Tag Archives: greenwich

The London Project #2 – GMT 0°

Post two and I’ve already hit my first mistake.  In transcribing the clues I had noted a mysterious acronym requiring further research: GMTO.  Of course it was really GMT and – d’oh!  I thought about doing two separate posts but I think they’re related enough that I can put them into one.

0° refers to the Greenwich Meridian, or the Prime Meridian.  It divides the Eastern and Western hemispheres, just like the Equator divides the Northern and Southern hemispheres.  Imagine a circle round the earth, longways – a meridian is the line of the circle.  It’s kind of arbitrary but you can see how a set meridian reference point came to be useful in charting sailing routes and plotting maps.  Several meridians were in use throughout most of history – it wasn’t until 1884 that the Greenwich Meridian became universally agreed as 0° longitude.

My friend Tania just inside the Eastern hemisphere
My friend Tania just inside the Eastern hemisphere

So, why Greenwich, of all possible locations in the world?  The Royal Observatory in Greenwich was set up in 1675 with the primary purpose to improve navigation at sea by determining longitude (one’s exact position east or west) by astronomical means.  Of course there were other observatories in the world doing the same thing, but Britain was a huge maritime nation and by 1884, 72% of the world’s commerce depended on sea charts using the Greenwich meridian.  So when an international conference was called to decide on one universal prime meridian, it was the obvious choice to cause as little inconvenience as possible.  Of 25 nations present at the conference, all voted for Greenwich except San Domingo who voted against, and France and Brazil who abstained.  France actually continued to use the Paris meridian until 1914 for navigation, and 1911 for time.
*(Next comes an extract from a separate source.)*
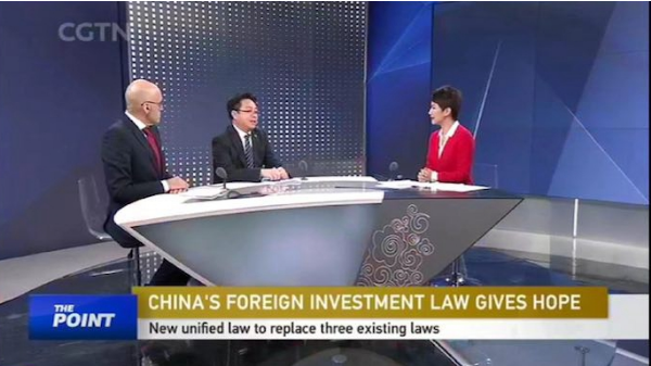 为回应国际关切,中国国际电视台(CGTN)邀请西安交大开云·电子(中国)官方网站院长、最高人民法院国际商事专家委员会专家委员、中国国际经济法学会副会长单文华教授以及美国雷曼律师事务所主任律师Edward Lehman做客其王牌国际新闻评论栏目“欣视点(The Point with Liu Xin)”现场直播,就中国最新的统一外商投资法草案及其与中美贸易战的关系进行专家解读。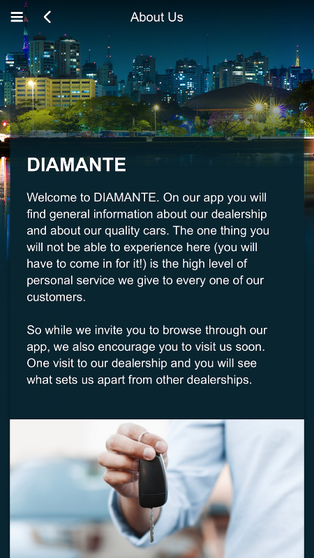 Welcome to DIAMANTE. On our app you will find general information about our dealership and about our quality cars. The one thing you will not be able to experience here (you will have to come in for it!) is the high level of personal service we give to every one of our customers.

This brings me to the natural link between the prime meridian as a navigation tool, and as a measure of time.  The word “meridian” actually comes from the Latin “meridies” meaning “midday”.  Theoretically the sun should cross a given meridian halfway between sunrise and sunset.  This is what am and pm stand for – ante meridiem and post meridiem.  Taking this literally, two places one degree of longitude apart would have a four minute time difference.  This obviously became impossible to manage when things like railways came along in the nineteenth century, requiring standardised timetables.

In 1868 New Zealand (then a British colony) set a standardised time for the whole colony, 11.5 hours ahead of GMT.  It was perhaps the first country to take this step, and gradually other countries followed suit.  By 1880 Greenwich Mean Time was legally adopted throughout Great Britain, but for “wider” countries with huge variations in local time across the land, it was naturally more complicated.  The confusion of times in the USA did not come to a definitive end until 1918 with the adoption of the Standard Time Act.  The neatest solution to the time problem would of course be based strictly on longitude – the world divided into 24 even strips, each 15 degrees longitude and one hour apart.  But since countries and land mass don’t exactly conform to this, instead we have a zigzagged pattern with anomalies such as Iceland being in the same time zone as the UK despite being around 20 degrees to the west.

Just to add to the complication (if you’re still with me!), GMT has not been used as the official time standard since the 1970s.  Since the daily rotation of the Earth is irregular and actually slowing down slightly, it was determined that atomic clocks are much more stable in measuring time.  So in 1972, Coordinated Universal Time, or UTC, maintained by an ensemble of atomic clocks around the world, replaced GMT as the international civil time standard, although there’s practically no time difference between the two.

Looking back at how recent the history of all this is, who knows what further changes are to come, but for now let’s be grateful that we live in an age where it’s all been worked out for us and the most complicated thing we have to do is google “what’s the time?” when we go on holiday!

This post is part of The London Project series, discovering hidden stories in London based on a Word Map of the city by Angus McArthur and Alison Hardcastle.